Assertiveness is a skill regularly referred to in social and communication skills training.

Being assertive means being able to stand up for your own or other people’s rights in a calm and positive way, without being either aggressive, or passively accepting ‘wrong’.

Assertive individuals are able to get their point across without upsetting others, or becoming upset themselves.

Although everyone acts in passive and aggressive ways from time to time, such ways of responding often result from a lack of self-confidence and are, therefore, inappropriate ways of interacting with others.

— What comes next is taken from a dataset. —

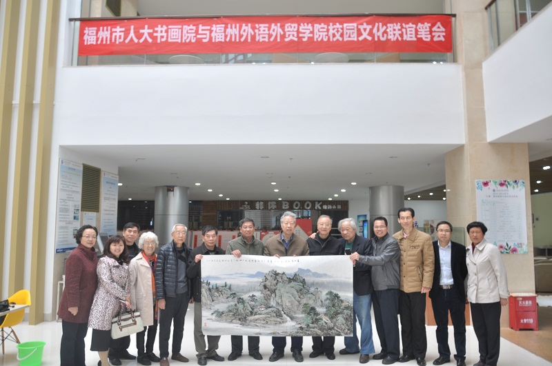 3月9日,我校与福州市人大书画院在图书馆开展校园文化联谊笔会。福州市人大常委会原主任、福建省书法家协会会员、市人大书画院名誉院长赵守箴,福州市人大常委会原副主任、福建省书法家协会会员、福州市书法家协会会员、市人大书画院院长郭永灿,福州市原市委常委、副市长、霞光画院院长龚雄等10位书画名家莅校。校长、博士生导师沈斐敏教授,党委书记陈炳钦以及影视系、美术系师生代表参加了本次活动。

This page examines the rights and responsibilities of assertive behaviour and aims to show how assertiveness can benefit you. You may also be interested in our pages on Self-Esteem and Negotiation.

What is Assertiveness?

The Concise Oxford Dictionary defines assertiveness as:

“Forthright, positive, insistence on the recognition of one's rights”

In other words:

Assertiveness means standing up for your personal rights - expressing thoughts, feelings and beliefs in direct, honest and appropriate ways.

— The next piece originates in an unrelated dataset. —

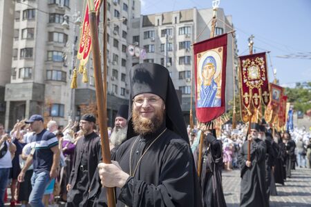 Kiev, Ukraine - July 27, 2019: Orthodox monks in black go at the head of the procession on the day of the baptism of Rus.
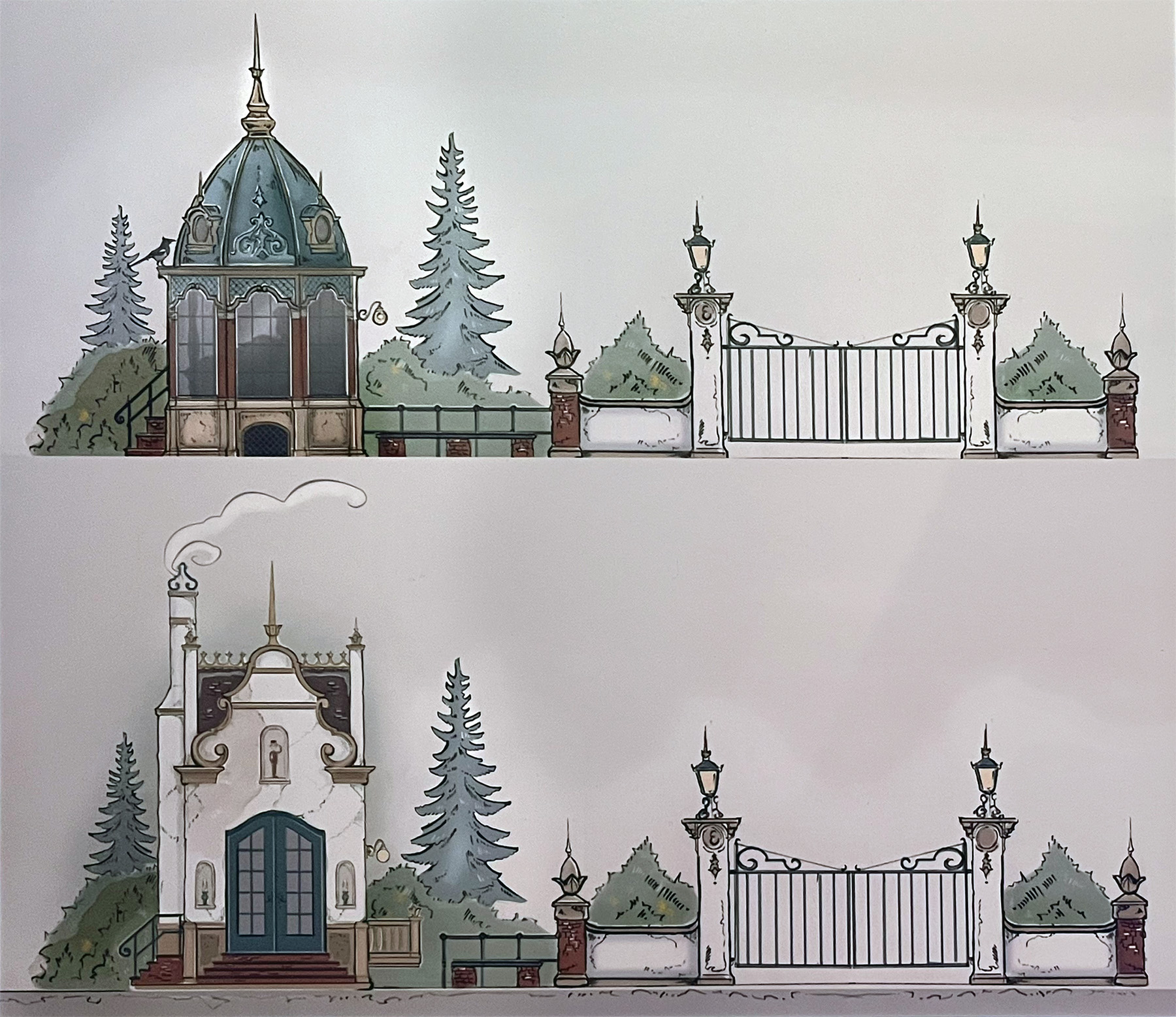 Ontwerp voor De Prinses op de Erwt in de vorm van een theekoepeltje (boven) en dichter bij de uiteindelijke versie, met klokgevels (onder)

It is important to note also that:

By being assertive we should always respect the thoughts, feelings and beliefs of other people.

Those who behave assertively always respect the thoughts, feelings and beliefs of other people as well as their own.

Assertiveness concerns being able to express feelings, wishes, wants and desires appropriately and is an important personal and interpersonal skill.  In all your interactions with other people, whether at home or at work, with employers, customers or colleagues, assertiveness can help you to express yourself in a clear, open and reasonable way, without undermining your own or others’ rights.

Assertiveness enables individuals to act in their own best interests, to stand up for themselves without undue anxiety, to express honest feelings comfortably and to express personal rights without denying the rights of others.

Passive, Aggressive and Assertive

Assertiveness is often seen as the balance point between passive and aggressive behaviour, but it’s probably easier to think of the three as points of a triangle.

Being Assertive

Being assertive involves taking into consideration your own and other people’s rights, wishes, wants, needs and desires.

Assertiveness means encouraging others to be open and honest about their views, wishes and feelings, so that both parties act appropriately.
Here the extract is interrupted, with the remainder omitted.